Las palabras cayeron como una piedra sobre el corazón de Elena. Aún así, ella levantó la barbilla, mostrando un coraje que tal vez ni siquiera sabía que poseía.
—Entonces haré lo posible con lo que me des.— concluyó, guardando la tarjeta consigo.
Fernando asintió, en silencio y la cena terminó en un clima pesado.
Horas después, ambos se recogieron al dormitorio principal. Elena, aún con la mente agitada, se sentó en el tocador para soltar su cabello largo y oscuro. El espejo reflejaba su rostro cansado, pero había determinación en sus ojos. Ella había esperado por este matrimonio durante diez años; no permitiría que fantasmas la vencieran.
Fernando entró en el cuarto, quitándose la corbata con un gesto impaciente. Dejó el saco sobre el sillón y una nueva botella de whisky sobre la bandeja.
—Bebes demasiado.— dijo Elena, casi en un susurro.
Él se detuvo, mirándola a través del reflejo del espejo.
—Y tú hablas demasiado.— respondió, pero sin agresividad. Era solo una constatación fría.
Elena bajó los ojos, controlando las ganas de replicar. Se levantó y fue hasta la cama. Se acurrucó entre las sábanas de seda, sintiendo el perfume amaderado que aún exhalaba de su ropa.
Fernando, tras algunos minutos bebiendo en el balcón, volvió al cuarto. Sin decir nada, se quitó solo los zapatos y se acostó a su lado. El colchón se hundió levemente, aproximando sus cuerpos, pero él se giró hacia el otro lado, de espaldas.
Elena permaneció inmóvil, con el corazón latiendo rápido. Esperaba, tal vez, un gesto, un toque, un beso. Algo que mostrara que aquel matrimonio no era solo un arreglo entre familias. Pero nada llegó.
En la oscuridad, oyó solo el sonido de su respiración, firme y constante, mezclada al aroma fuerte del whisky.
Ella cerró los ojos con fuerza, conteniendo las lágrimas que amenazaban con caer. Ella creía que detrás de aquella frialdad, había un hombre capaz de amar.
Elena despertó en medio de la noche, aún sin sueño. La luna entraba por la cortina entreabierta, iluminando parcialmente el cuarto. Fernando dormía profundamente, con una expresión relajada que contrastaba con la dureza que mostraba en vigilia.

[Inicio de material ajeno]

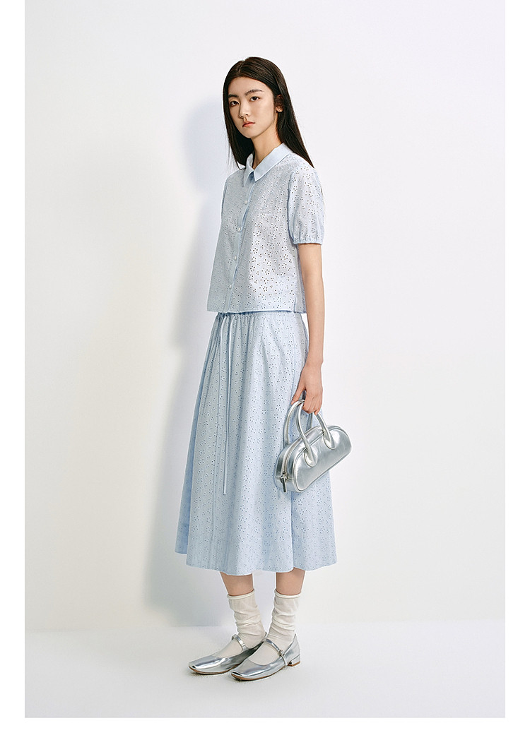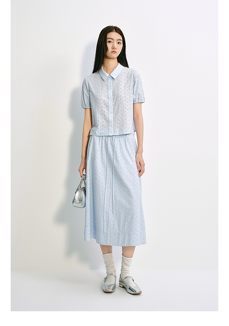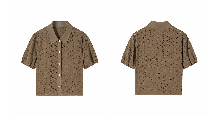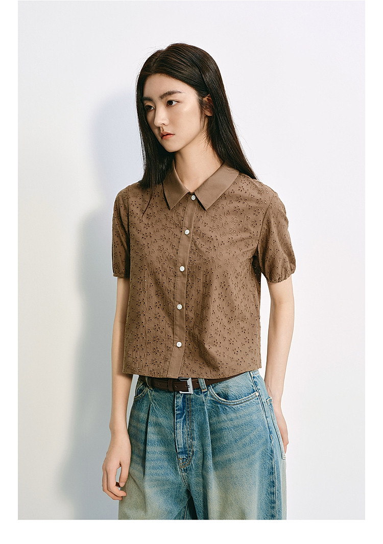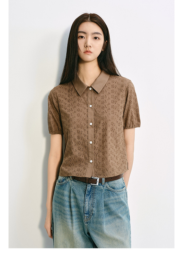 商品名称:限定系列OCH.夏装 上衣刺绣镂空透气100%棉短袖衬衫女 341455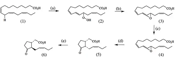 Биосинтез жасмоновой кислоты в растениях осуществляется из α-линоленовой кислоты.
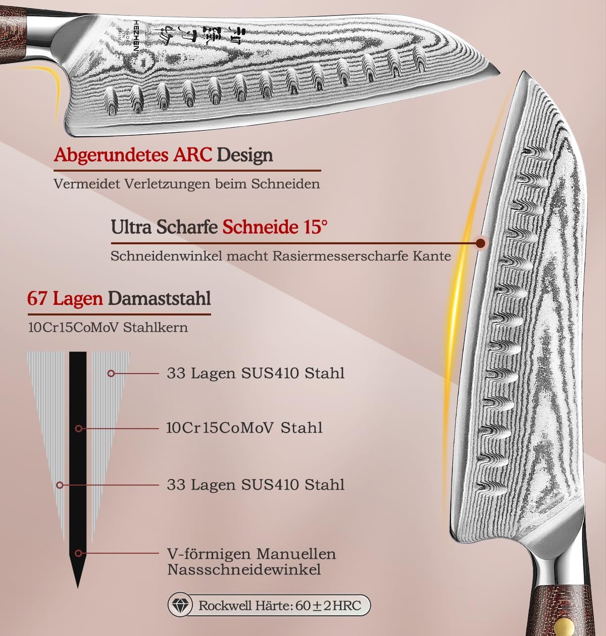 - 67 Lagen Damaszenerstahl : Echtes Damastmesser, nicht lasergraviert. Customized 10Cr15CoMoV Stahlkern mit stabiler Rockwell-Härte von 60±2HRC nach Vakuum-Tiefkühl-Wärmebehandlung. Chinesische VG10, ein ähnliches Verhältnis zu Japan VG10.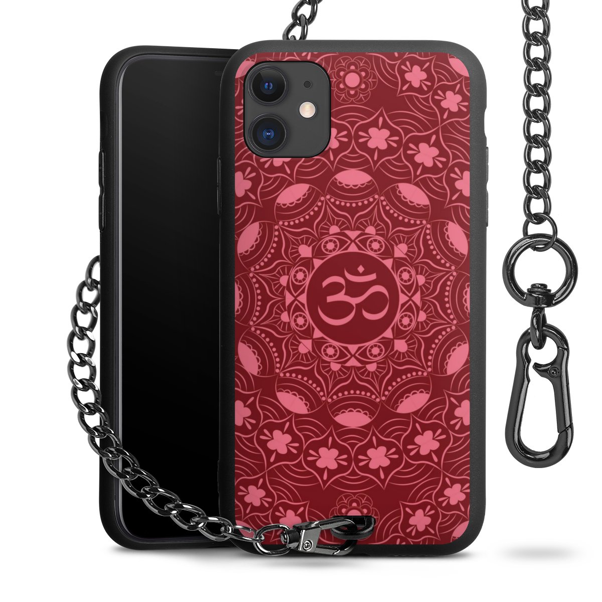 - Mattschwarze Handyhülle mit Metallkette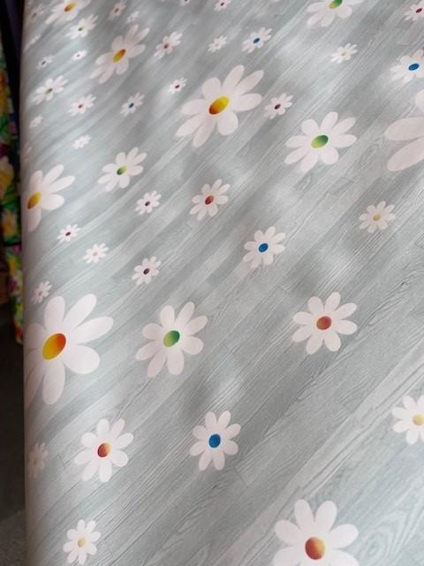 Zomers tafelzeil van vrolijke margrietjes op een grijze achtergrond. Leuk dat de bloemen in verschillende maten zijn afgebeeld met verschillende kleurtjes in het hart. Het zeil is 140 cm breed en kan per 10 cm worden besteld. De productfoto's van de leverancier blijken nogal af te wijken van de daadwerkelijke kleur, vandaar de extra foto's.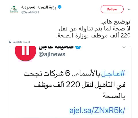 كشفت مصادر «عاجل» عن سبب مسارعة وزارة الصحة؛ لنفي خبر نشرته «عاجل»، أول من أمس الثلاثاء، حول تأهيل 6 شركات للمشاركة في المرحلة الأولى من خطة نقل الموظفين من المرافق الصحية الحكومية إلى مؤسسات جديدة، سيتم إطلاقها في إطار مشروع التحول الوطني، الذي تحمله « رؤية 2030».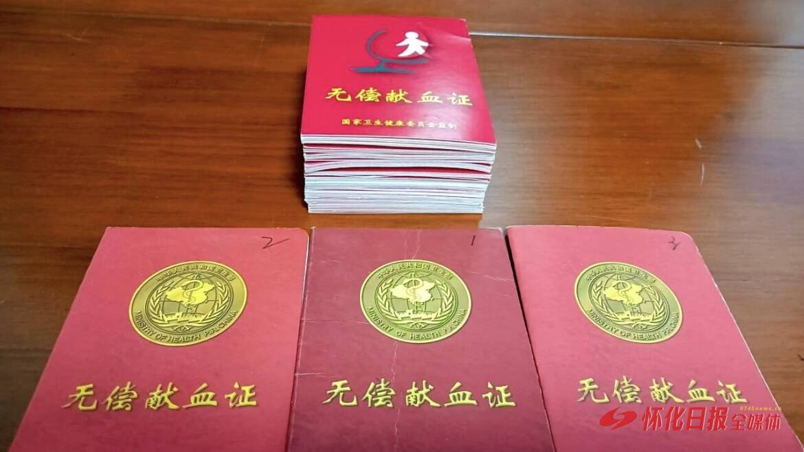 (肖霖彬拥有厚厚一叠的无偿献血证)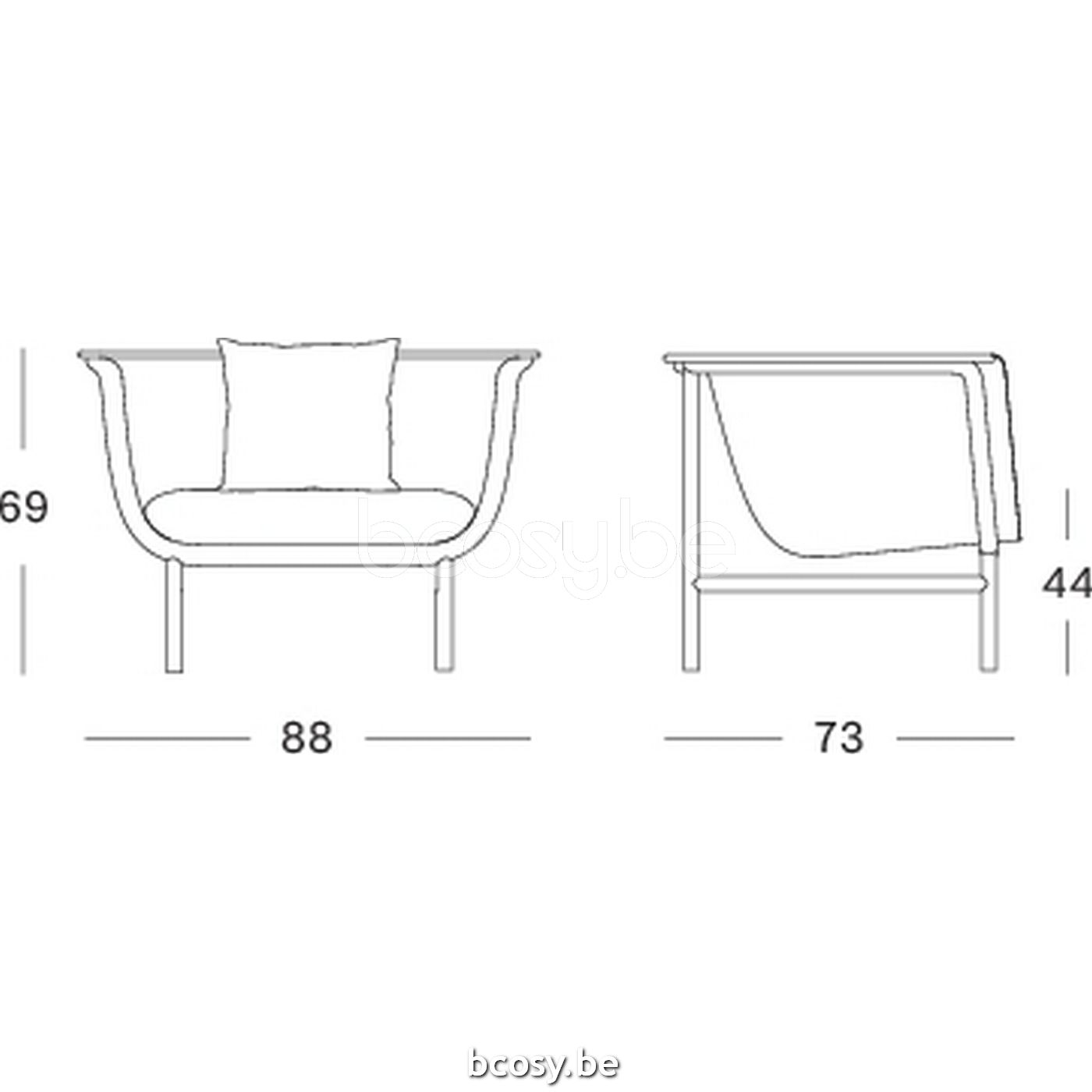 Afmetingen/Dimensions/Dimensionen: L=88 cm B=73 cm H=69 cm SH=44 cm AH=69 cm

Ella lo observó en silencio. Cada trazo, cada línea del rostro, parecía cargar historias que no conocía. Se preguntaba si algún día tendría espacio en su corazón, o si pasaría la vida como una sombra delante de Valeria.
Se levantó despacio, caminó hasta el balcón y respiró el aire frío de la madrugada. Allá abajo, las luces de Madrid centelleaban como joyas esparcidas. Elena se sintió pequeña delante de tanto brillo, pero una llama dentro de ella quemaba: no sería olvidada, no sería solo una sustituta.
Regresó a la cama, se acostó a su lado, y finalmente, dejó que el sueño la venciera.